**Exercise requirements**
Starting at the line holding "Wooden Birthday Cake" and finishing at the line holding "7W LED žárovka", transcribe the material exactly, keeping both ends but no pictures.

START Material to process

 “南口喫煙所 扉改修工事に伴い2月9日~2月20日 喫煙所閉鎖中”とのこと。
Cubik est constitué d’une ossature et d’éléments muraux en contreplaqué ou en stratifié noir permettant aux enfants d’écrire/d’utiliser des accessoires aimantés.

END Material to process
START Material to process

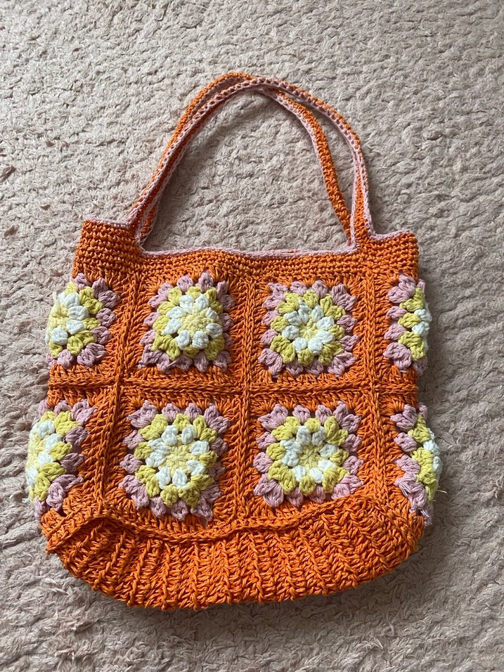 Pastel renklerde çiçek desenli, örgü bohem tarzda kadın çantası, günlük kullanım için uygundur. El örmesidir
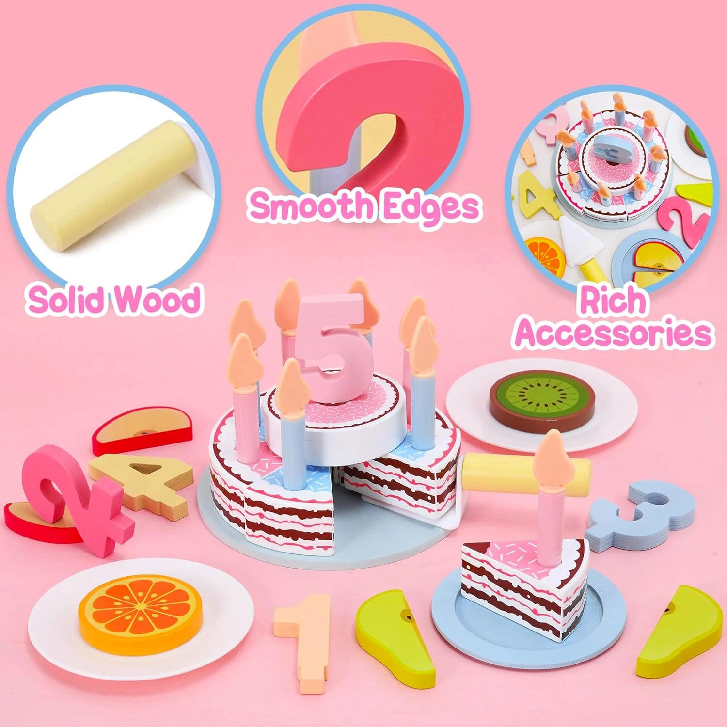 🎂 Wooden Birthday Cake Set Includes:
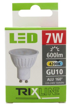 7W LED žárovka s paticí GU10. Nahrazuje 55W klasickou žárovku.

END Material to process
START Material to process

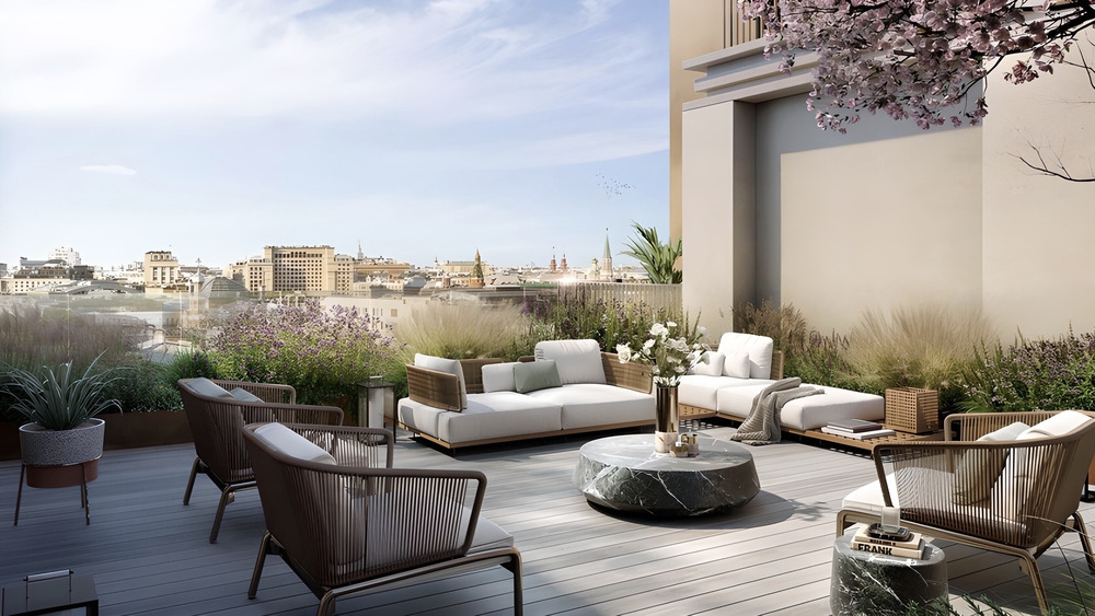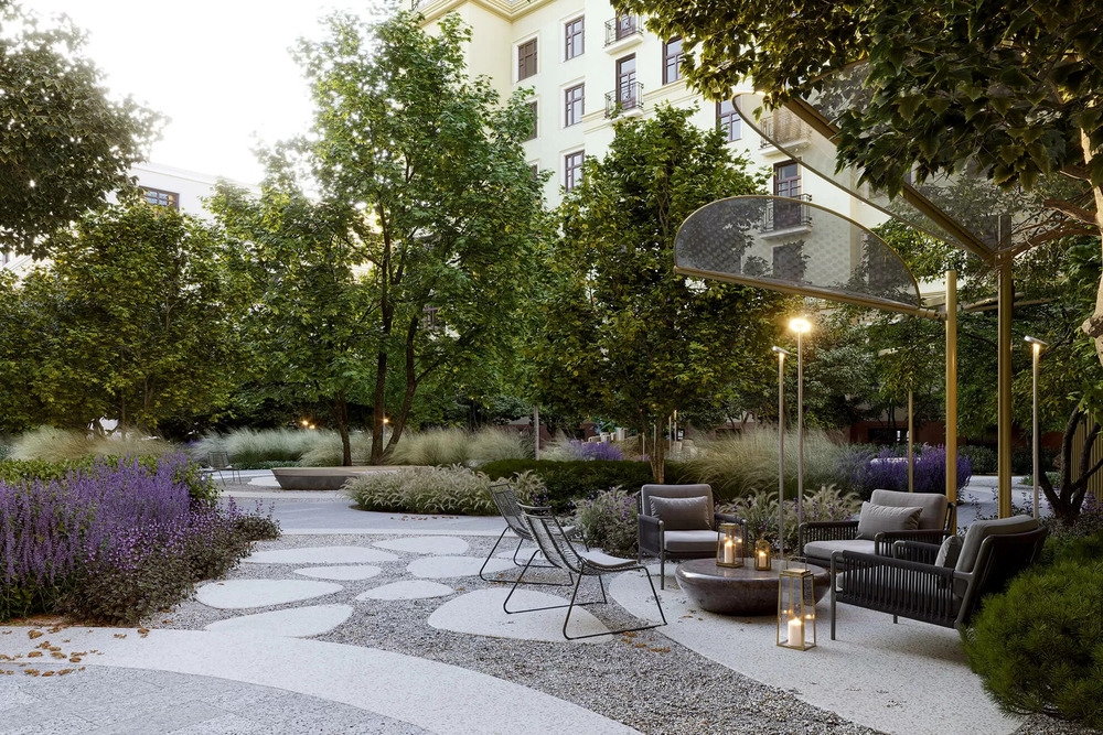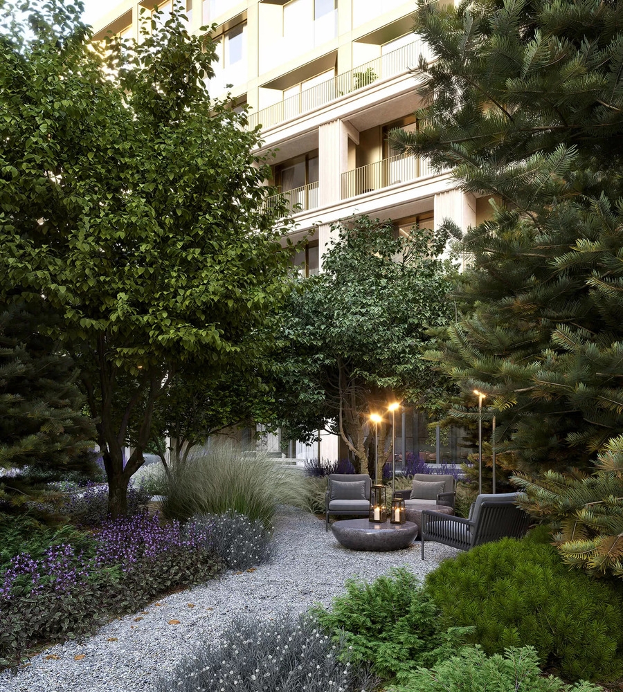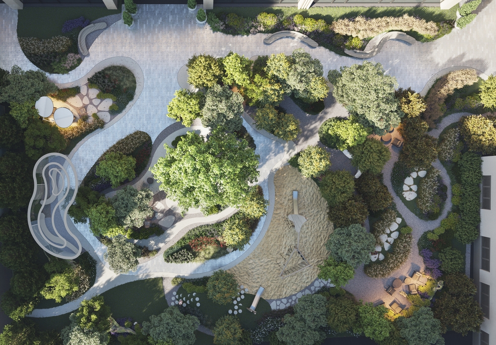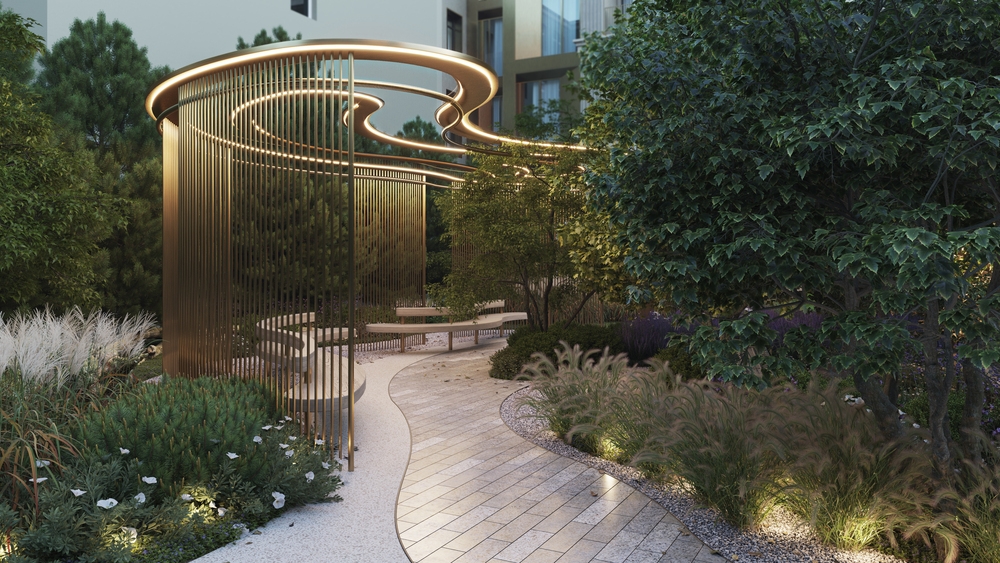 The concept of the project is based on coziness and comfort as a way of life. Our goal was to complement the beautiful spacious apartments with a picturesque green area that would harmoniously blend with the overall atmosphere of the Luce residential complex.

END Material to process

**Response below**
 🎂 Wooden Birthday Cake Set Includes:
 7W LED žárovka s paticí GU10. Nahrazuje 55W klasickou žárovku.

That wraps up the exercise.